Le Palais de Justice de Nuremberg est ouvert tous les jours sauf le mardi et certains jours fériés (liste complète sur le site du Memorium), de 10h à 18h (ou de 9h à 18h certains jours). Le dernier accès s’effectue une heure avant la fermeture.
L’entrée inclut l’audioguide (voir le prix des billets à jour ici). Si vous visitez d’autres musées le même jour, je vous conseille de payer un supplément de quelques euros. Il vous permettra d’entrer gratuitement dans tous les autres musées municipaux le même jour.
Côté accès, l’entrée du mémorial des procès de Nuremberg se situe à 5 minutes à pied du métro Bärenschanze (ligne U1), au 72 Bärenschanzstraße.
Vous l’aurez compris, c’est une visite à la fois glaçante et très riche en informations… et difficile de passer par Nuremberg sans chercher à comprendre un minimum ce moment marquant de l’histoire…
Si vous voulez en savoir plus sur la ville (qui a aussi des côtés beaucoup moins sombres, je vous rassure), je vous conseille la lecture de mon article Que faire à Nuremberg !
Hello ! Je suis en congé maternité jusqu'à l'été 2023. Pendant cette période, les commentaires sont fermés.
Je cherchais des infos sur Nuremberg et le lieu du Procès et vous me les avez super bien données ! Merci. Bonne chance pour la suite.
Merci beaucoup Sylvain !
Bonjour Marlène,
Excellent article sur un lieu historique peu connu même des Allemands. J’ai personnellement étudié à Nuremberg et j’avoue ne jamais être allé au Tribunal. C’est donc une découverte intéressante à travers cet article. Merci pour les conseils
Ça confirme ce que me disait un Allemand dans l’avion quand je suis revenue de Nuremberg (« Nous on ne pense pas à y aller ») :)
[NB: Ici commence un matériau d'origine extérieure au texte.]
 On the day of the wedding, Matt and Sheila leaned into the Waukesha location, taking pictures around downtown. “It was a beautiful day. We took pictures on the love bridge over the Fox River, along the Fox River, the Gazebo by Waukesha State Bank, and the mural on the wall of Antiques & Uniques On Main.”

J’ai discuté récemment avec quelqu’un qui a pu entrer dans ce qui reste de la prison en étoile à l’occasion d’un tournage (il était avec le fils de Hans Frank, Niklas, qui s’implique beaucoup dans la mémoire de la Shoah et dans la condamnation active des crimes de son père). Il m’a dit que c’était une expérience encore plus forte que le tribunal et je veux bien le croire…
Pour l’amateur d’histoire que je suis, voilà un article qui m’a bien intéressé. La salle du procès au travers de tes photos semble, en effet, bien plus petite que celle que j’avais gardé en mémoire après avoir vu des photos et des films du procès. Merci pour cette visite insolite : elle me fait penser à celle que j’avais faite à Budapest du Musée de la Terreur.
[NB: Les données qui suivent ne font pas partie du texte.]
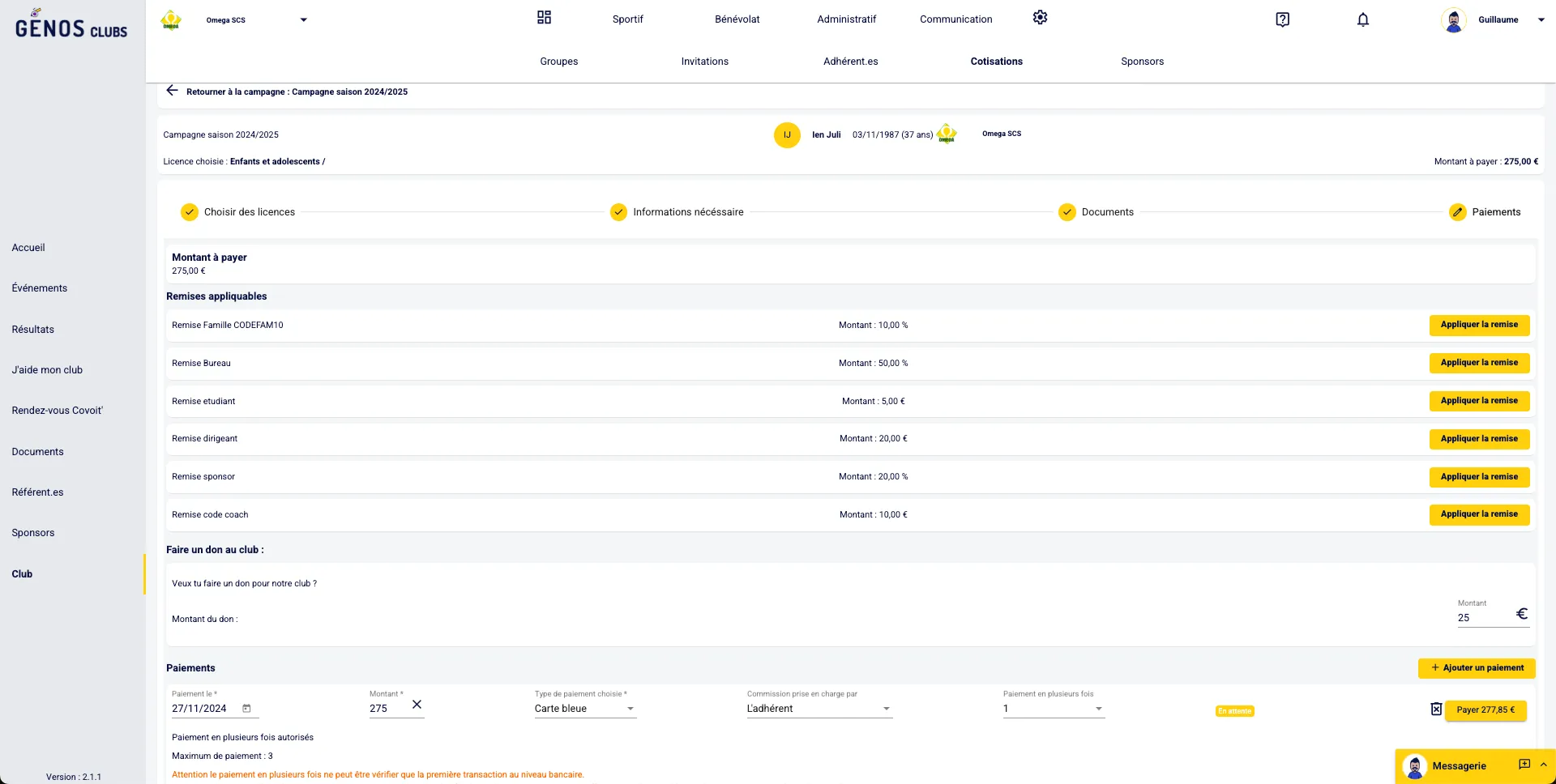 Enfin tu arrives sur la page “paiements”. En tant que gestionnaire, tu peux choisir les remises potentielles que tu souhaites donner à ton adhérent (si tu as rentré des remises en amont).

Ça doit être une expérience bien glaçante aussi, dans un genre différent. Pour en revenir à la salle d’audience, c’est vrai que la taille m’a surprise. Je n’ai pas pu la photographier comme je le voulais car j’ai fait attention à ne pas photographier les personnes présentes… L’aménagement ayant été complètement modifié depuis le procès de Nuremberg, je pense que ça joue beaucoup !
Merci pour cet article si complet. Je planifie une visite à Nuremberg, et trouver des infos est assez difficile. Ce n’est pas une destination qui fait rêver les gens et c’est assez dommage. C’est endroit est chargé d’une partie de l’histoire tellement importante …
J’ai adoré cette ville, si je n’avais pas déjà prévu des voyages en décembre j’y retournerais dès cette année pour le marché de Noël. Je pense que les gens n’en rêvent pas parce qu’ils ne connaissent pas Nuremberg au présent… et le passé de la ville est lourd. D’ailleurs, même quand on s’intéresse à de « banals » monuments il y a parfois derrière une histoire très compliquée.
Beaucoup de gens privilégient la « légèreté » pendant les vacances. Il se trouve que je pars en Pologne prochainement, un pays lui aussi tragiquement marqué par le nazisme… et quand mon entourage (pro comme perso) apprend que je vais à Auschwitz ou même à Cracovie, les réactions montrent bien que ça ne correspond pas à la conception que la plupart des gens ont des « vacances ».